Opening with a lazy montage of news reports serving simply as exposition and to layout a poorly constructed chronological framework, it truly sets a tone. Yet it is only when the line “bourbon and bad choices” is uttered by are hero Mike Banning (Gerard Butler) that we, the spectators of this crime against genre fiction truly understand what we are about to witness. With a script that seems to be the insipid patriotic lovechild of Oliver Stone and Mel Gibson, the nationalism is high and the logic is low. Xenophobia fuels the cause-effect of the narrative and borderline racist slurs run rampant. At a time when Hollywood is carefully orchestrating a new, progressive image, this brings that image into blinding question. Cruising from one gun fight to another with little regard towards reason, these sequences are vehicles of questionable intent. After Banning offers a terrorist a chance to return to “fuckheadistan” there is a palpable sense of unease that goes beyond the acceptance that 90% of the British services have been taken over by insurgents. There is a sense that this film is promoting hatred and misinformation.
When it comes to these action sequels, often the case is the special effects are only point held up as a saving grace. Yet, not only is this a redundant point when special effects are generally at such a high standard, but it isn’t even true here. The special effects are abysmal. CGI helicopters weaving between tower blocks added in post is one thing, car bombs that defy physics is another. It is impossible to invest in characters that are not only one dimensional but also surrounded by events that are produced in terrible green screen.

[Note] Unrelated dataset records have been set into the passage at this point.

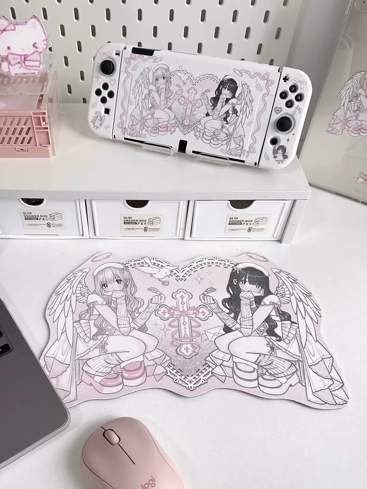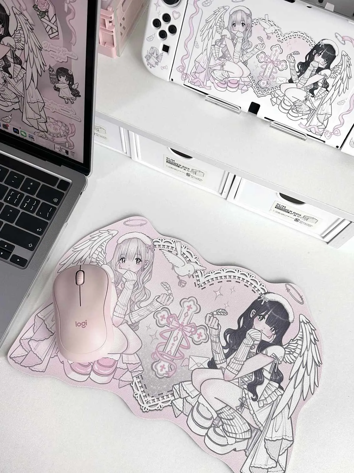Upgrade your workstation with the Angel Girl Mouse Pad! This charming pad features two enchanting angels—one with beautiful black hair and the other with pink and white hair. Their stunning wings add to the magical ambiance, while bird and feather icons and a sophisticated envelope icon enhance the design. Made from premium PU leather, it’s both stylish and durable. The non-slip bottom keeps it securely in place. Transform your desk into a whimsical retreat that inspires your creativity!
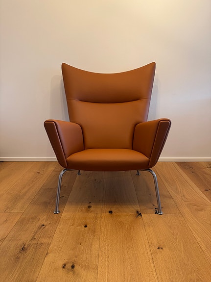 Arne Jacobsen ‘Svanen’ Fritz Hansen ompolstret i Cognac Elegance valnød Læder i den bedste kvalitet. Tidsløst og smuk klassisk dansk møbel design.
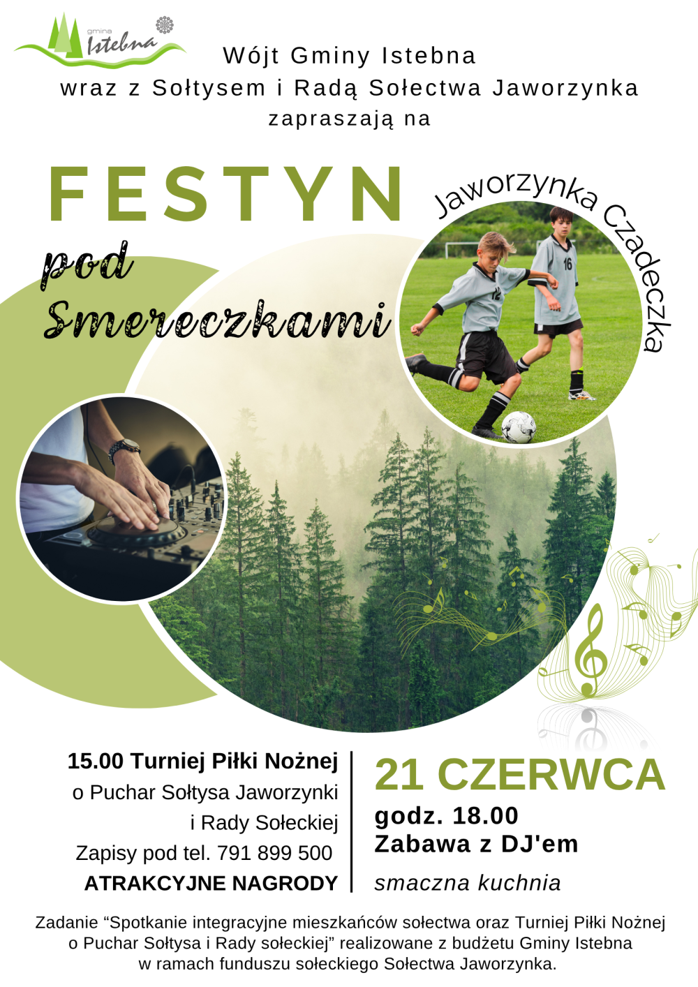 Wójt Gminy Istebna wraz z Sołtysem Sołectwa Jaworzynka oraz Radą Sołecką zapraszają na Spotkanie integracyjne mieszkańców sołectwa oraz Turniej Piłki Nożnej o Puchar Sołtysa i Rady sołeckiej w sobotę 21 czerwca 2025 w Jaworzynce Czadeczce o godz. 15.00.
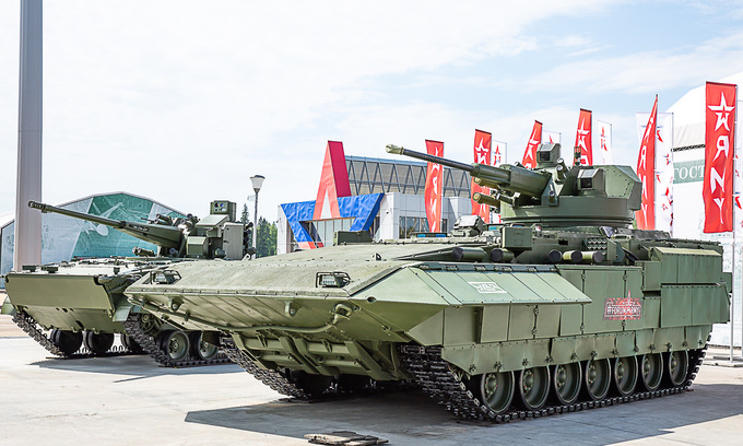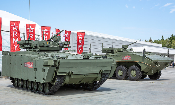 Xe chiến đấu bộ binh Kurganets-25 (trái) và xe thiết giáp chở bộ binh Bumerang, hai loại khí tài ra mắt cùng thời điểm với dòng T-14 Armata. Ảnh: Said Aminov |
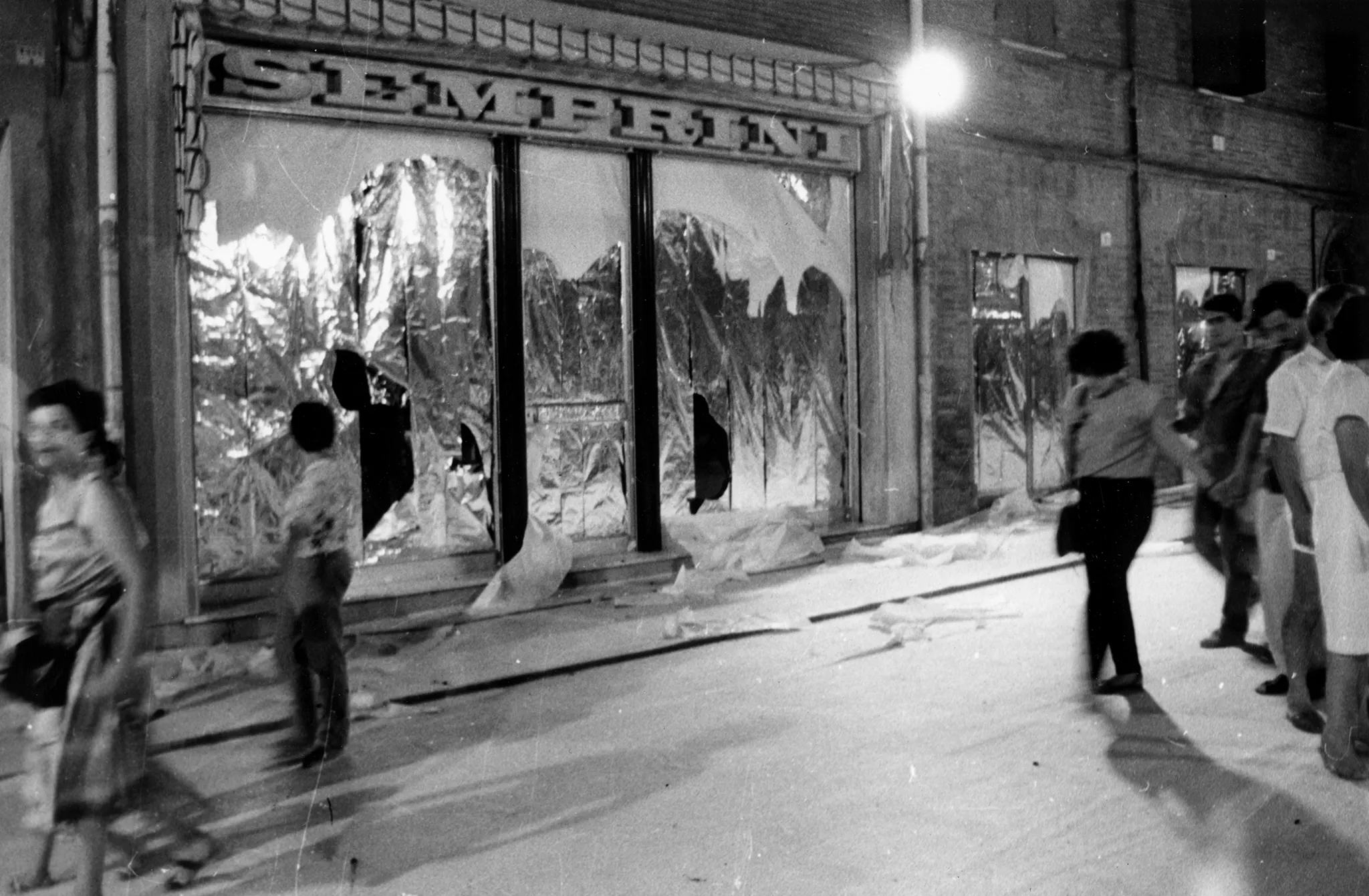 Trzy zdjęcia jedno pod drugim. Zdjęcie na górze przedstawia pustą ulicę między budynkami. Środkowe zdjęcie przedstawia szlaban i zakaz przejścia na ulicy. Zdjęcie na dole przedstawia poszarpaną witrynę sklepową. Na budynku widnieje napis "SEMPRINI".

Any level of creativity and joy that probably wasn’t put into the first film is gone, replaced by the Hollywood machine seeking to churn out a quick buck. This corporate investment of a sequel is as unwanted as it is unwatchable. No-one asked for this follow up, the characters didn’t deserve it; the narrative didn’t require it and the audience didn’t ask for it. The results are dull as dishwater, subpar trash that will be forgotten to the dustbin of history. Do not watch this.